Your task -
Would you transcribe the listing exactly as it stands, minus any images?

Provided material -
▶
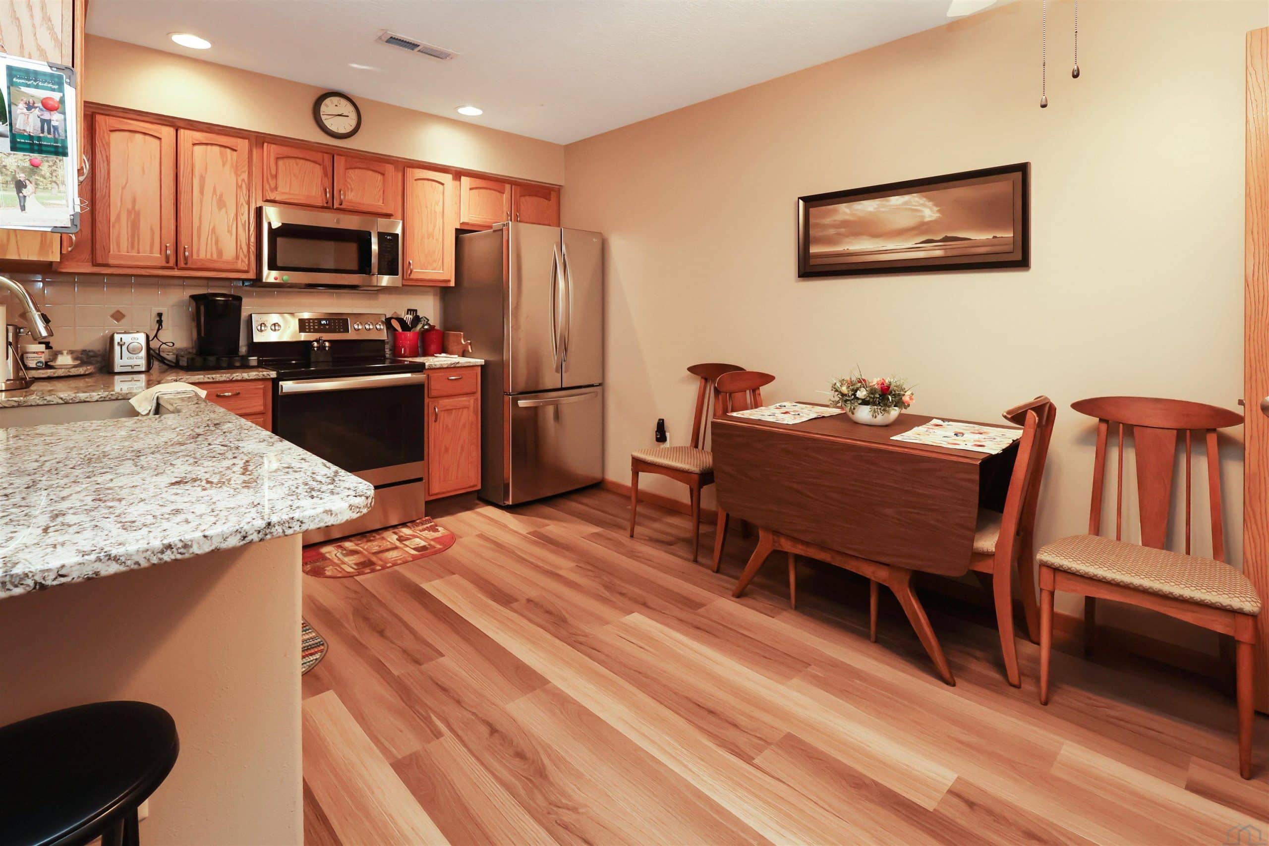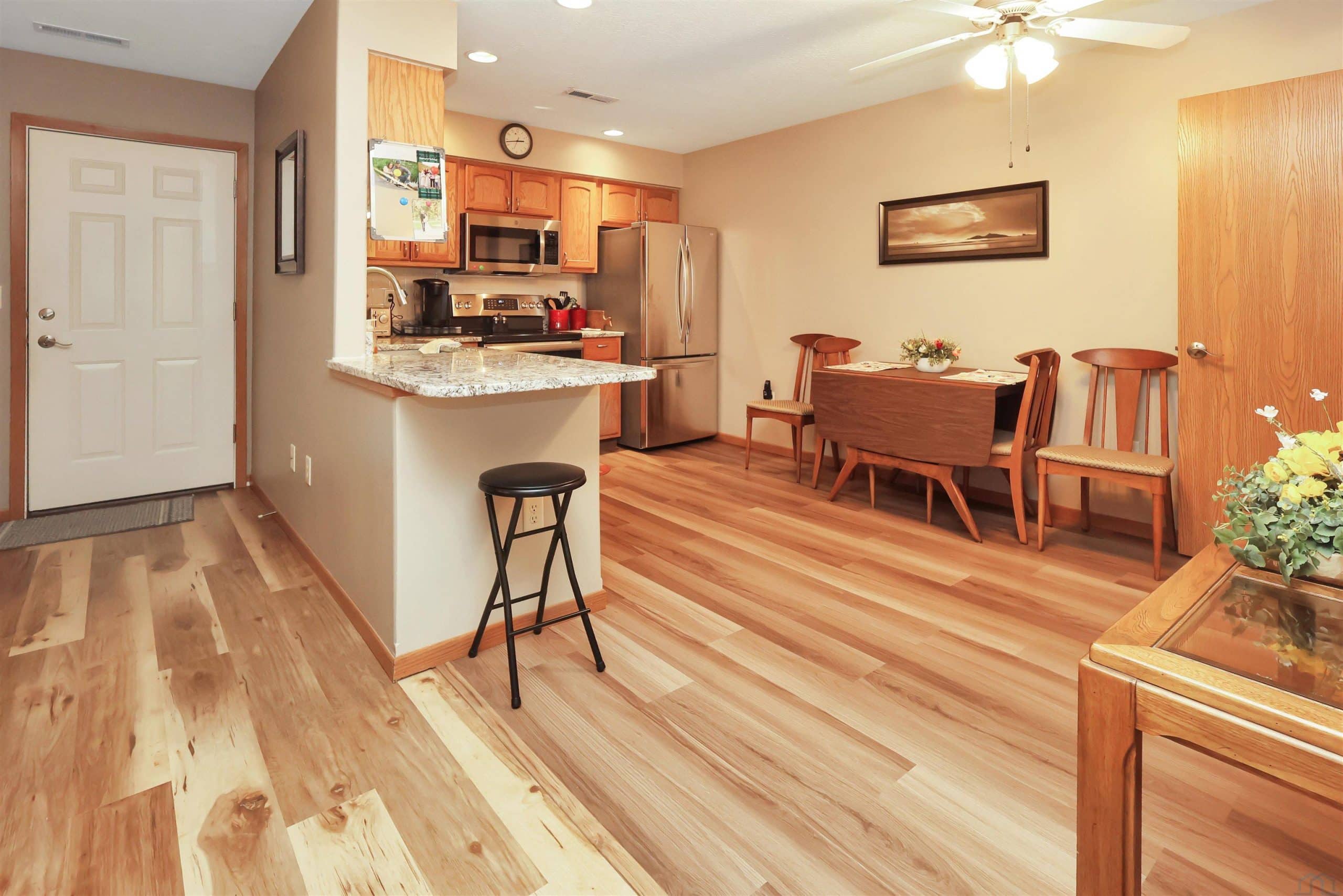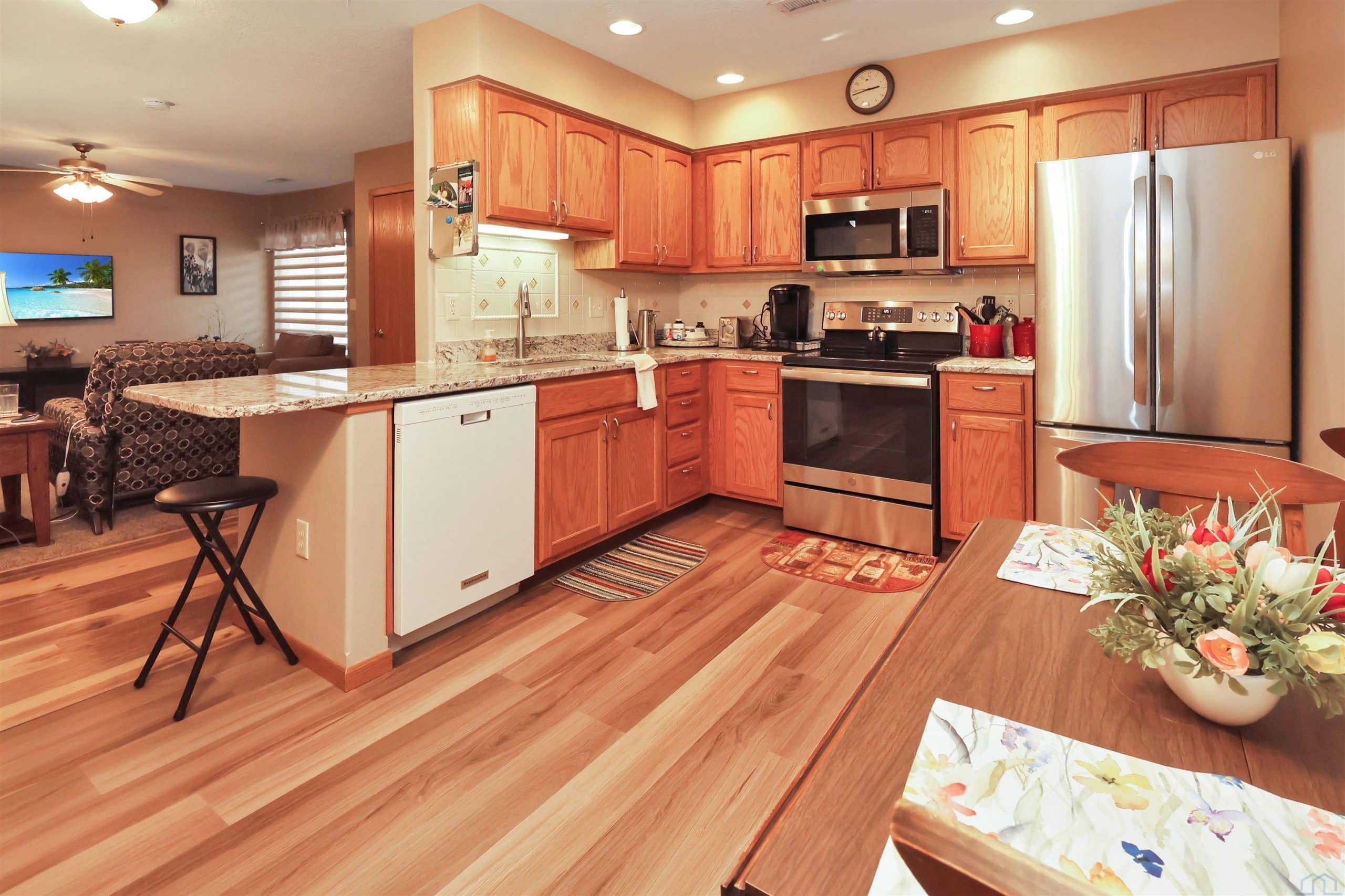 Description: This wonderful 2 bedroom, 2 bath Morningside condo community is an Age 55+ offers zero entry with NO STEPS! ANYWHERE! The HOA fees cover the mowing, shoveling and lawn sprinkling, snow removal (all done for you) and includes the insurance coverage and maintenance of the exterior of the home. You only pay for insurance for your interior and belongings! HOA fee also includes your cable TV use and garbage collection. These units are wheelchair accessible. All of this for $290 a month. The front door has a small patio to allow for outdoor seating on those nice days and evenings. The spacious Family room offers a large front closet. The eat in kitchen includes all of newer stainless steel appliances (Refrigerator, stove, microwave, dishwasher) and granite counters with a snack bar plus a large walk in pantry. The laundry is centrally located just steps from the living area and bedrooms. The newer washer and dryer are also included as well as a water softener and the water heater was new in 2024. The HVAC was new this past year. The 2 Large bedrooms include a primary bedroom with its own 3/4 bathroom and walk in shower and walk in closet. This bedroom has a slider door that takes you out to a patio that offers a quiet place to watch the wildlife in the wooded backyard area where you will encounter some deer and turkey on occasion.The second bath is a full bath with a large window. Al the blinds are new. For community or family events, a covered clubhouse area is available. The condo is 1110 Square Feet and the large double garage is 440 Square Feet. The lot is .18 Acres This condo was built in 2008 and has carpet in the family room and bedrooms and NEW vinyl planking in the kitchen, baths and entry. Come see!
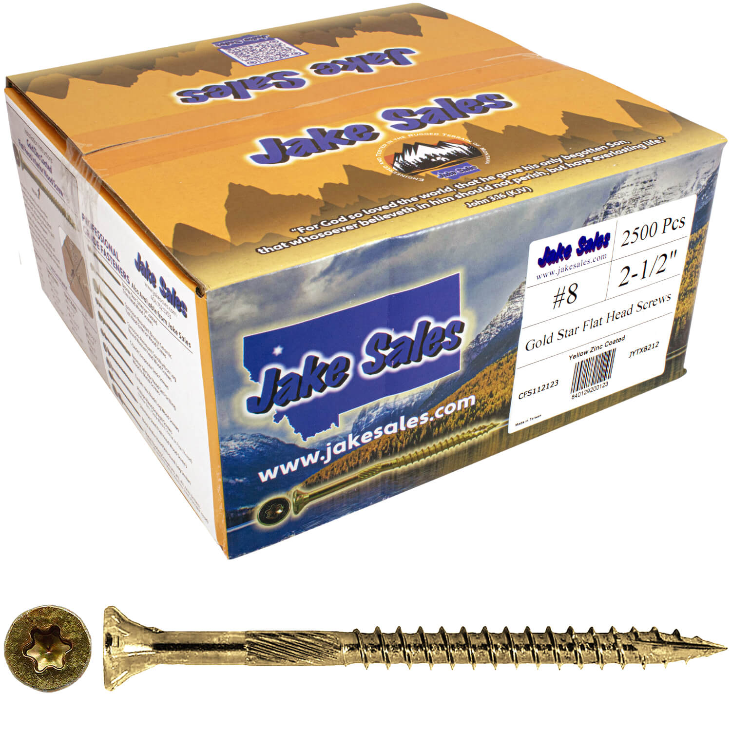 #8 Gold Star/Torx Drive Zinc Coated T-20 Flat Head Wood Screws
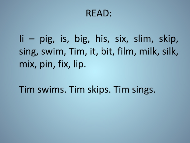 skip, sing, swim, Tim, it, bit, film, milk, silk, mix, pin, fix, lip.
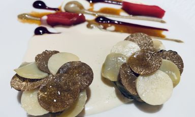Che gioia ripensare alle entrée di benvenuto: tacos di sesamo nero con tartare di spigola e sferificazioni di lattuga di mare; chips di tapioca e alghe con julienne di calamaro al sakè; bignè salato con salsa di melanzana e miso,polvere di ibisco; cannolo di carota viola salsa al pack-choi e alga nori; alice yuba e burrata. Buri: Ricciola frollata 14giorni, olio di negi e salsa tosa. Urokoyaki: gallinella frollata 9 giorni cotta alla brace, salsa age, melanzana al vapore e cime di rapa. Ciotola di riso al vapore. Adoro. Red Snapper: scorfano in tempura frollato 9 giorni, salsa shiroi sakè, ume con torba di whisky. Nigirizushi: capasante alla brace; salmone e tartufo nero pregiato; toro e tartufo bianco; akami e foie gras; ventresca di ricciola e limone. Temaki di tonno rosso. Nibe: Ombrina frollata 12 giorni cotta alla brace, salsa sedano rapa e vongole, zucca, koji e fungo shiitake. Amazake: pesche sciroppate, namelaka alla mandorla e spuma amazake con schiuma di latte croccante e meringa. Piccola pasticceria: ricostruzione di un amarena, bignè crema allo yuzu e polvere di miso bianco, cioccolatino con cuore fondente di sakè.
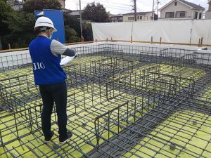 基礎配筋の検査にやってきました。日本住宅検査機構(JIO)の規定によりミノワ社内の有資格者による自主検査が認められているので、通常であれば筆者が検査を行うところですが、今回のy様邸は普通の住宅ながら建築基準法上の『一戸建ての住宅』ではないので自主検査はできずJIOの検査員の方にチェックをお願いしました。
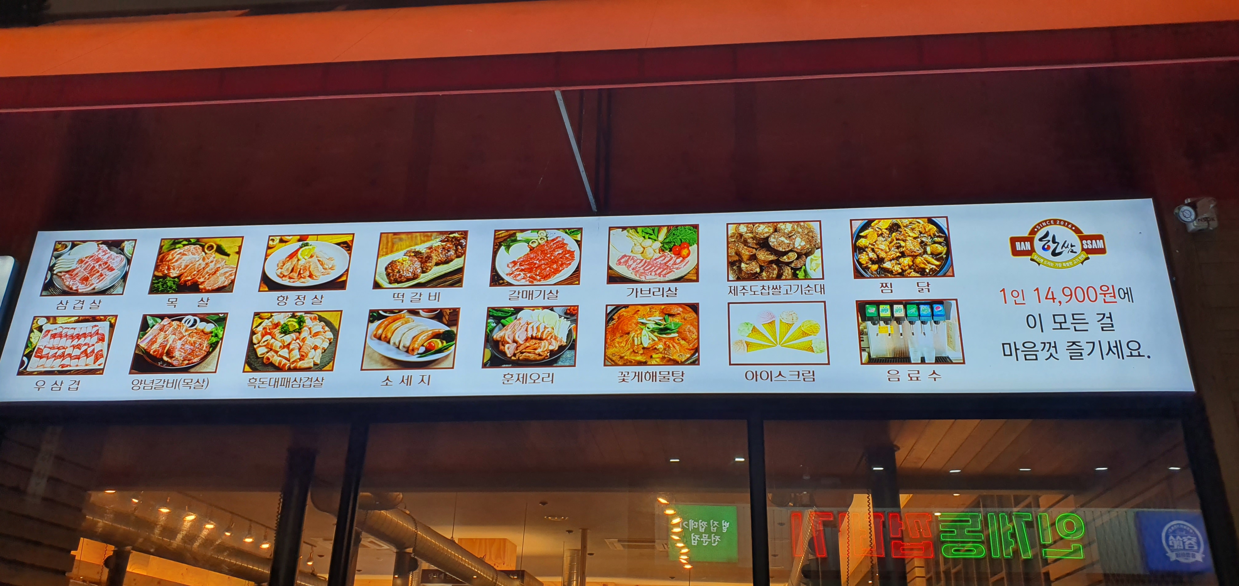 "한쌈"의 가격표는 상기와 같습니다. 주말/평일 구분 없이 저 가격대가 유지되며 가게에 들어가셔서 점원한테 자리를 배정받으면 바로 뷔페 이용이 가능하시며 나가면서 정산만 하면 됩니다. 성인 가격대가 조금 높다고 생각은 듭니다만 공깃밥, 음료 그리고 아이스크림이 무료로 제공되기 때문에 어떤 점에서는 약간의 타협이 가능하다고 봐야 하지 않을까 싶지만 그건 방문하시는 고객들의 몫으로 남겨 놓겠습니다.
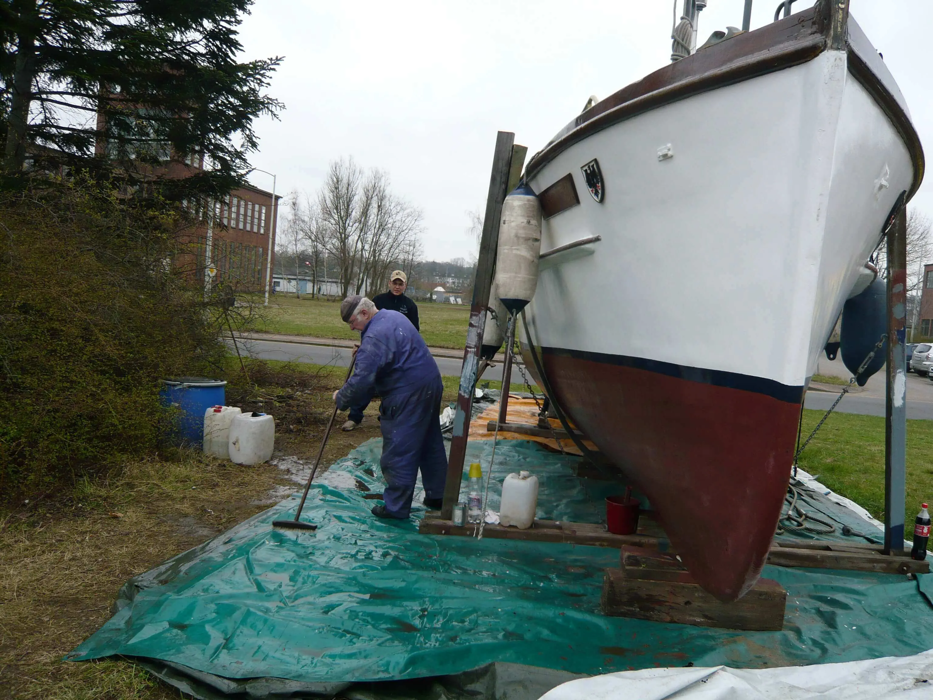 Auch der Zustand von Ralfs Freibeuter konnte über Winter weiter deutlich verbessert werden. Zusammen mit seinen Brüdern und Neffen wurden alle Bordauslässe und Pumpenanschlüsse, das Ruderblatt erneuert, sowie der Tank nebst Benzinleitung unter Deck verlegt. Aber auch in diesem Jahr musste wieder Mahagoniholz getauscht werden.
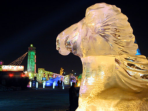 The snow festival is mostly a display of art; the ice festival is mostly a display of architecture. Nevertheless, a number of sculptures can be found at the ice festival, such as this life-sized horse. Agile youngsters with good balance climb atop the horses to have their pictures taken. Notice the layers of ice in the horse; blocks of ice are fused together to form larger blocks so that sculptures - or huge buildings - can be made.
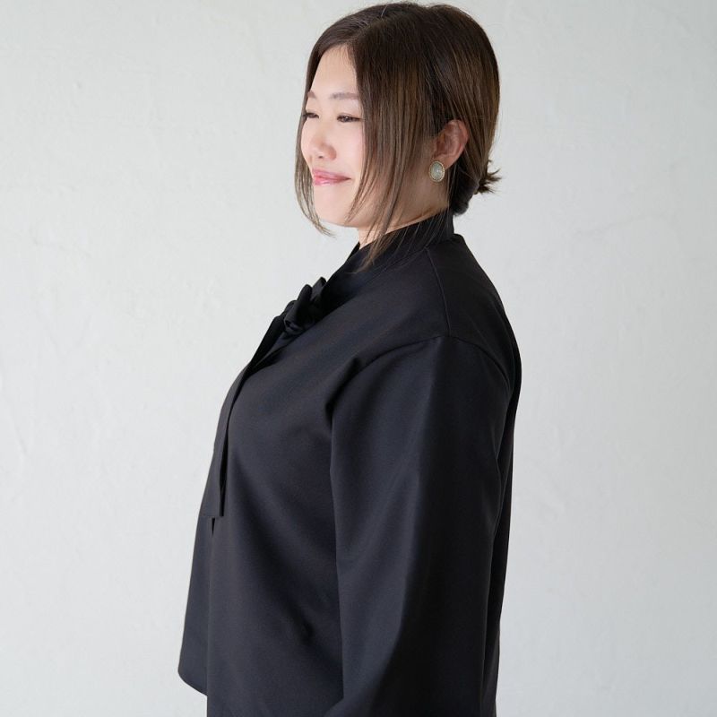デザインのポイントは、首元のボウタイ。結び方次第で印象を変えられ、シンプルに垂らしても、きちんとリボン結びにしても美しく決まります。
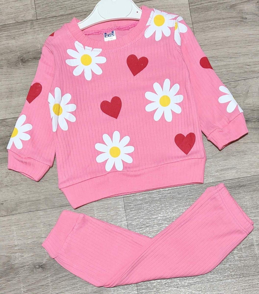 Костюм СGS "Цветочки" розовый (темный)), девочка 6-9-12-18 месяцев оптом уп. - 4 шт.
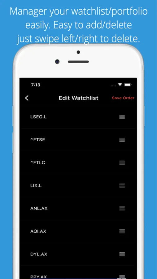 - Customizable list with ability to remove, add, re-order stock symbols.
◀
Response -
 Description: This wonderful 2 bedroom, 2 bath Morningside condo community is an Age 55+ offers zero entry with NO STEPS! ANYWHERE! The HOA fees cover the mowing, shoveling and lawn sprinkling, snow removal (all done for you) and includes the insurance coverage and maintenance of the exterior of the home. You only pay for insurance for your interior and belongings! HOA fee also includes your cable TV use and garbage collection. These units are wheelchair accessible. All of this for $290 a month. The front door has a small patio to allow for outdoor seating on those nice days and evenings. The spacious Family room offers a large front closet. The eat in kitchen includes all of newer stainless steel appliances (Refrigerator, stove, microwave, dishwasher) and granite counters with a snack bar plus a large walk in pantry. The laundry is centrally located just steps from the living area and bedrooms. The newer washer and dryer are also included as well as a water softener and the water heater was new in 2024. The HVAC was new this past year. The 2 Large bedrooms include a primary bedroom with its own 3/4 bathroom and walk in shower and walk in closet. This bedroom has a slider door that takes you out to a patio that offers a quiet place to watch the wildlife in the wooded backyard area where you will encounter some deer and turkey on occasion.The second bath is a full bath with a large window. Al the blinds are new. For community or family events, a covered clubhouse area is available. The condo is 1110 Square Feet and the large double garage is 440 Square Feet. The lot is .18 Acres This condo was built in 2008 and has carpet in the family room and bedrooms and NEW vinyl planking in the kitchen, baths and entry. Come see!
 #8 Gold Star/Torx Drive Zinc Coated T-20 Flat Head Wood Screws
 skip, sing, swim, Tim, it, bit, film, milk, silk, mix, pin, fix, lip.
Che gioia ripensare alle entrée di benvenuto: tacos di sesamo nero con tartare di spigola e sferificazioni di lattuga di mare; chips di tapioca e alghe con julienne di calamaro al sakè; bignè salato con salsa di melanzana e miso,polvere di ibisco; cannolo di carota viola salsa al pack-choi e alga nori; alice yuba e burrata. Buri: Ricciola frollata 14giorni, olio di negi e salsa tosa. Urokoyaki: gallinella frollata 9 giorni cotta alla brace, salsa age, melanzana al vapore e cime di rapa. Ciotola di riso al vapore. Adoro. Red Snapper: scorfano in tempura frollato 9 giorni, salsa shiroi sakè, ume con torba di whisky. Nigirizushi: capasante alla brace; salmone e tartufo nero pregiato; toro e tartufo bianco; akami e foie gras; ventresca di ricciola e limone. Temaki di tonno rosso. Nibe: Ombrina frollata 12 giorni cotta alla brace, salsa sedano rapa e vongole, zucca, koji e fungo shiitake. Amazake: pesche sciroppate, namelaka alla mandorla e spuma amazake con schiuma di latte croccante e meringa. Piccola pasticceria: ricostruzione di un amarena, bignè crema allo yuzu e polvere di miso bianco, cioccolatino con cuore fondente di sakè.
 基礎配筋の検査にやってきました。日本住宅検査機構(JIO)の規定によりミノワ社内の有資格者による自主検査が認められているので、通常であれば筆者が検査を行うところですが、今回のy様邸は普通の住宅ながら建築基準法上の『一戸建ての住宅』ではないので自主検査はできずJIOの検査員の方にチェックをお願いしました。
 "한쌈"의 가격표는 상기와 같습니다. 주말/평일 구분 없이 저 가격대가 유지되며 가게에 들어가셔서 점원한테 자리를 배정받으면 바로 뷔페 이용이 가능하시며 나가면서 정산만 하면 됩니다. 성인 가격대가 조금 높다고 생각은 듭니다만 공깃밥, 음료 그리고 아이스크림이 무료로 제공되기 때문에 어떤 점에서는 약간의 타협이 가능하다고 봐야 하지 않을까 싶지만 그건 방문하시는 고객들의 몫으로 남겨 놓겠습니다.
 Auch der Zustand von Ralfs Freibeuter konnte über Winter weiter deutlich verbessert werden. Zusammen mit seinen Brüdern und Neffen wurden alle Bordauslässe und Pumpenanschlüsse, das Ruderblatt erneuert, sowie der Tank nebst Benzinleitung unter Deck verlegt. Aber auch in diesem Jahr musste wieder Mahagoniholz getauscht werden.
 The snow festival is mostly a display of art; the ice festival is mostly a display of architecture. Nevertheless, a number of sculptures can be found at the ice festival, such as this life-sized horse. Agile youngsters with good balance climb atop the horses to have their pictures taken. Notice the layers of ice in the horse; blocks of ice are fused together to form larger blocks so that sculptures - or huge buildings - can be made.
デザインのポイントは、首元のボウタイ。結び方次第で印象を変えられ、シンプルに垂らしても、きちんとリボン結びにしても美しく決まります。
 Костюм СGS "Цветочки" розовый (темный)), девочка 6-9-12-18 месяцев оптом уп. - 4 шт.
 - Customizable list with ability to remove, add, re-order stock symbols.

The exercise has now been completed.